We conclude that the IJ properly ruled that, because Serrano Barillas was an officer in the intelligence wing of the Guatemalan army, any violence or threats he suffered at the hands of the guerrillas was job-related and not a ground for asylum. See Cruz-Navarro v. INS, 232 F.3d 1024, 1029 (9th Cir.2000) (“Persecution occurring because a person is a current member of a police force or the military, however, is ‘not on account of one of the grounds enumerated in the Act.’ ”); see also Arriaga-Barrientos v. INS, 937 F.2d 411, 414 (9th Cir.1991) (holding that membership in armed services is not an automatic ground for asylum and that the military “is not a social group qualifying its servicemen or former servicemen for asylum eligibility”).
Additionally, we conclude that the IJ was correct in ruling that asylum is not available on account of a personal vendetta against Serrano Barillas by a former army colonel. See Molino-Morales v. INS, 237 F.3d 1048,1052 (9th Cir.2001) (stating that *489personal retribution is not persecution on account of political opinion).

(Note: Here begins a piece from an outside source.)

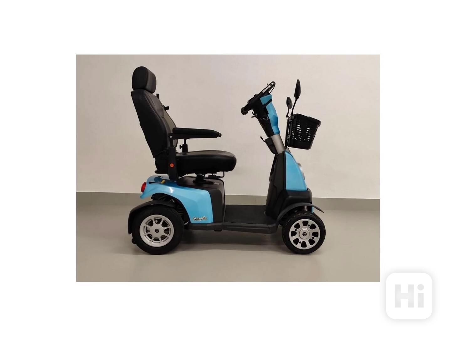 Repasovaná holandská čtyřkolka Excel Galaxy Plus je určená pro osoby se sníženou schopností pohybu. Dobré baterie 2x12V 73Ah, motor 800 W, délka 139 cm, šířka 67 cm, rychlost 15 km/h, nosnost 160 kg. Součástí je nabíječka, držák holí, opěrka hlavy, košík a zpětná zrcátka. Záruka 12 měsíců, pozáruční servis, možnost doručení

Serrano Barillas’s fear of returning to possible action taken by the army for his desertion is not a valid basis for asylum. See De Valle v. INS, 901 F.2d 787, 792 (9th Cir.1990).
Accordingly, we conclude that substantial evidence supports the IJ’s conclusion that Serrano Barillas failed to establish past persecution or a well-founded fear of future persecution on account of an enumerated ground. See INS v. Elias-Zacarias, 502 U.S. 478, 481, 112 S.Ct. 812, 117 L.Ed.2d 38 (1992).
Because Serrano Barillas failed to establish eligibility for asylum, it follows that he failed to satisfy the more stringent standard for withholding of removal. See Pedro-Mateo v. INS, 224 F.3d 1147, 1150 (9th Cir.2000).
Serrano Barillas’s contention that the BIA’s streamlining decision fails to comport with the requirements of due process is foreclosed by Falcon Carriche v. Ashcroft, 350 F.3d 845, 850-51 (9th Cir.2003).
Pursuant to Desta v. Ashcroft, No. 03-70477, petitioners’ motion for stay of removal included a timely request for stay of voluntary departure. Because the motion for stay of removal was continued based on the government’s filing of a notice of non-opposition, the voluntary departure period was also stayed, nunc pro tunc, to the filing of the motion for stay of removal and this stay will expire upon issuance of the mandate.
PETITION FOR REVIEW DENIED.
This disposition is not appropriate for publication and may not be cited to or by the courts of this circuit except as provided by Ninth Circuit Rule 36-3.